Many nursery groups use these and some children enjoy them. Unfortunately it is tempting to over-use them, because it is a nice quiet occupation which requires little preparation and makes no mess. Provided there are plenty of other activities to choose from, so that we can be sure that a child really wants to use these drawing implements, and there is no persuasion to finish it or ‘ Why not use all the colours ?’ or even You haven’t finished yet because it isn’t time to stop’, then this is acceptable.
Short fat chalks are best for young children and may be used on a blackboard or on black or dark-coloured sugar paper. If the chalks are damped in a milk and water mixture for a minute or two before use much more colour can be applied and it is possible to mix colours. The milk tends to ‘fix’ the chalk so that it is not powdery as the drawing dries. Inevitably the chalk breaks and the children start to use the length rather than the point of the pieces and this gives broad sweeps of colour.
Wax crayons on the whole are not popular with young children. They seem to have difficulty pressing hard enough to get as much colour on the paper as they would like. If the crayon is soft and therefore easier to press on it is also more likely to break or bend.
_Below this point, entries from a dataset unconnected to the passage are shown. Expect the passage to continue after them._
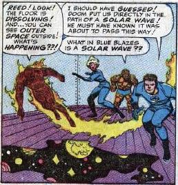 Here’s where things get just a little kooky. Doom has picked this particular building as his hideout, he explains, because a solar wave is about to hit it, transporting the entire building into outer space. (“I should have guessed!” Reed says. How, exactly does one guess something like this?) Sue extends her force fields to the other side of the wall, trapping Doom along with them. Desperate to escape, Doom falls through the floor and is sucked away into the vastness of space. With him gone, the FF hurries through Doom’s escape route and finds their way to safety. Johnny and Ben say they’re glad Reed is the FF’s leader, but Ben is still not so sure.
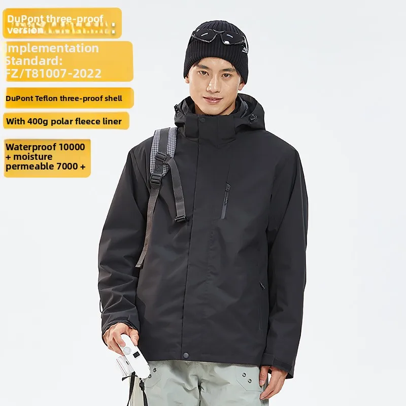 Three-In-One Soft Shell Jacket Stand Zipper Waterproof for Technology Unisex Winter Outdoor Mountaineering Full Sleeve
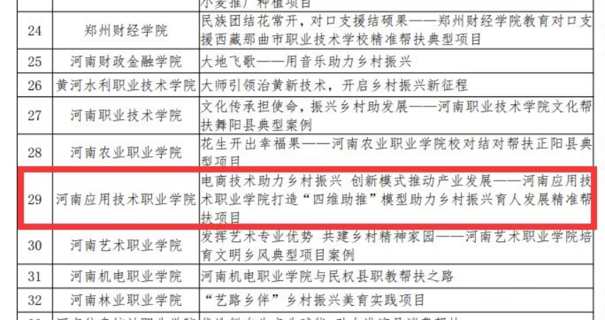 近日,河南省教育厅公布了河南省高等学校精准帮扶典型项目的入选名单,Beat365官网Beat365中文官方网站的《电商技术助力乡村振兴、创新模式推动产业发展——Beat365中文官方网站打造“四维助推”模型助力乡村振兴育人发展精准帮扶项目》脱颖而出成功入选。这是对学校长期以来致力于乡村振兴育人发展工作的高度认可,也是Beat365官网为推动教育公平、促进社会和谐作出的重要贡献。
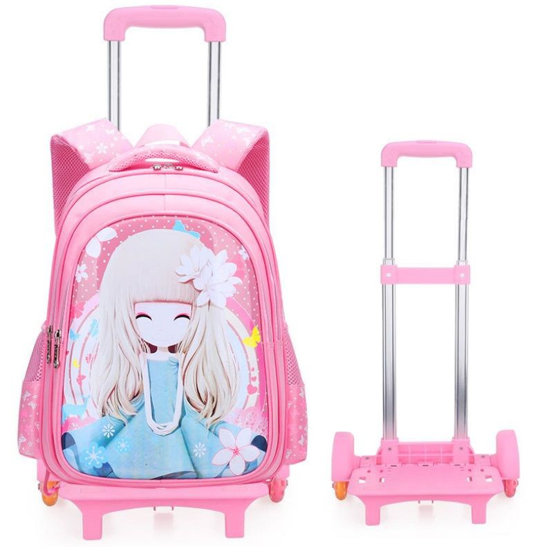 Ba lô chân kéo học sinh cấp 1-Hinh bé gái dễ thương-Hồng-Chân Cao
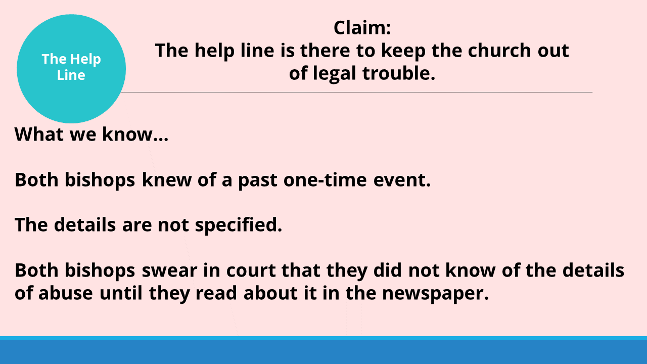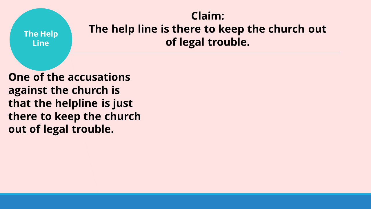The current accusation is that the helpline exists just to get the church out of legal trouble: it exists to hide abuse. This accusation is upsetting to many, many people, including people who are faithful members of this church. And I understand why! That’s a vile claim — that our church would have institutionalized something to protect our own reputation at the expense of children. The accusation is vile. But is it true?
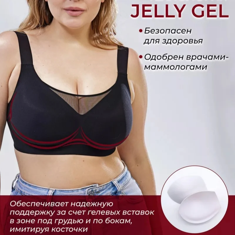 Bra Seamless Plus Size CDEFG Big Cup Wireless Soft Support Big Strip Jelly Black-Technology Traceless Invisible Mesh

The rougher the paper provided the better. A large sheet can be too much to fill for some children but others, of course, like a large sheet so that they can use big movements and make large strokes.
Felt pens and felt markers are easier to use. The good-quality, wide-tipped ones are a more economical buy as they last much longer than the cheap ones. Commonsense is needed here when deciding what size of paper to offer. Perhaps children could be given a choice of three different sizes. Many of these covers have a pocket to take price lists or other information and a piece of plain white or off-white paper slipped inside it makes a good background for coloured felt pens. The marks come off the plastic surface quickly with a damp cloth and the wipe off-start again aspect often encourages children to do more drawing than they would otherwise do.
There are very good reasons for providing activities in which it may appear that the materials limit the child, as opposed to the apparent freedom offered by brush, paint and paper. In any group of people, men, women, older children or young children there seems to be a similar amount of enthusiasm shown for ‘pure’ painting. About 20 per cent of any true cross-sectional group will happily use painting materials with enjoyment and show satisfaction in what they achieve. The middle 60 per cent will be slower to start, are less sure of themselves, will need to look at what other people are doing, respond to encouragement and interest shown by others and, in varying degrees, admit to some pleasure in the ‘doing’ rather than the result. The remainder need a great deal of persuasion to start at all, would really rather stop than carry on and appear to gain no pleasure from the activity or the end result. Adults in this last category will tell you they have never been any good at painting, never will be and would prefer to do something else please. Their lack of ability, interest and confidence with this medium has no doubt been reinforced over a number of years, particularly at school. In an adult situation it does not matter in the slightest. There are plenty of other ways in which they can express themselves, find relaxation or achieve some satisfying, creative objective. All this is equally true of the under-five non-painters, although it is too sweeping to blame early ‘failure’ as the only reason for their lack of interest.
In the case of young children, however, we do wish them to notice and experiment with shape, colour, texture and with different tools, and they need as many means of expression for their ideas and emotions as possible especially if they are not very articulate. This group need foolproof, fail-safe activities which give them some framework within which to work so that they can enjoy using paint or other colour sources without their lack of original ideas being a bar to some degree of success. This leads to the need for creative activities involving pattern or materials which are intrinsically interesting or beautiful and do at least half the work for the child, so that he can produce something that looks nice and can enjoy doing it. Many of the ‘ I’d really rather not do art’ adults respond to these activities too. Apart from their value for less confident individuals, activities such as collage, junk, pattern making of various kinds and rubbings are a good source of opportunities for every child.